By moving to mutual funds, Raven Enterprise gets the benefit of professional money managers who select smaller companies that are unproven but may have great potential. Thus far, Vanguard funds haven’t fallen under the scrutiny of the Securities and Exchange Commission, the New York Attorney General’s Office, or the National Association of Securities Dealers.

Okorie L. Ramsey, the club’s treasurer, acknowledges the fund industry’s problems, but says he thinks the Vanguard fund is a smart consideration. “While the mutual fund industry has experienced its share of trouble, we believe it will rebound from the recent setbacks,” he says.

The market’s volatility and industry scandals have turned many investment club members into more conservative investors. Raven has changed its strategy as well. But instead of shifting the club’s holdings into bond funds or fixed-income vehicles, Raven’s members voted to put their investing on hold, so members could reevaluate holdings and eliminate stock they felt were unnecessary or redundant.

At the time of this writing, the club had $11,000 invested in 15 companies and a total portfolio balance of $17,200. Monthly dues are $50, and the club’s top five holdings are Intel Corp. (NASDAQ: INTC), Pfizer Inc. (NYSE: PFE), Cisco Systems Inc. (NASDAQ: CSCO), Costco Wholesale Corp. (NASDAQ: COST), and Merck & Co.

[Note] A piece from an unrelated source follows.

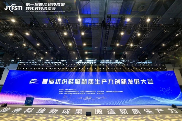 2024年4月,晋江公司聚焦国家重大战略,成功举办了首届纺织鞋服新质生产力创新发展大会。大会以“接洽科技新成果,锻造新质生产力”为主题,吸引政府、高校、科研机构及企业的400余名代表参与,共同探讨纺织鞋服行业的高端化、智能化、绿色化创新发展路径,为行业注入新活力新动力。

Inc (NYSE: MRK). The club is considering putting some of its cash balance into the Vanguard mutual fund.

Robinson and Ramsey, lifelong friends, founded the club in 1996. They researched how to start a club of their own through the NAIC and founded Raven Enterprise with eight members. Around this time, they’d begun reading BLACK ENTERPRISE in earnest, and they modeled the name of the club after the magazine. “We wanted [a name] that reflected the fact that it was a club based on an African American membership and something that symbolized African American or black, so we looked in the dictionary and found Raven,” Ramsey explains. “It’s a synonym for black but also for something cutting-edge.”

The principles of the club haven’t changed since it was founded. New members must contribute minimum monthly dues, demonstrate a willingness to share and learn about investing, analyze potential investments using the principles of the NAIC, and actively participate in the management of the club.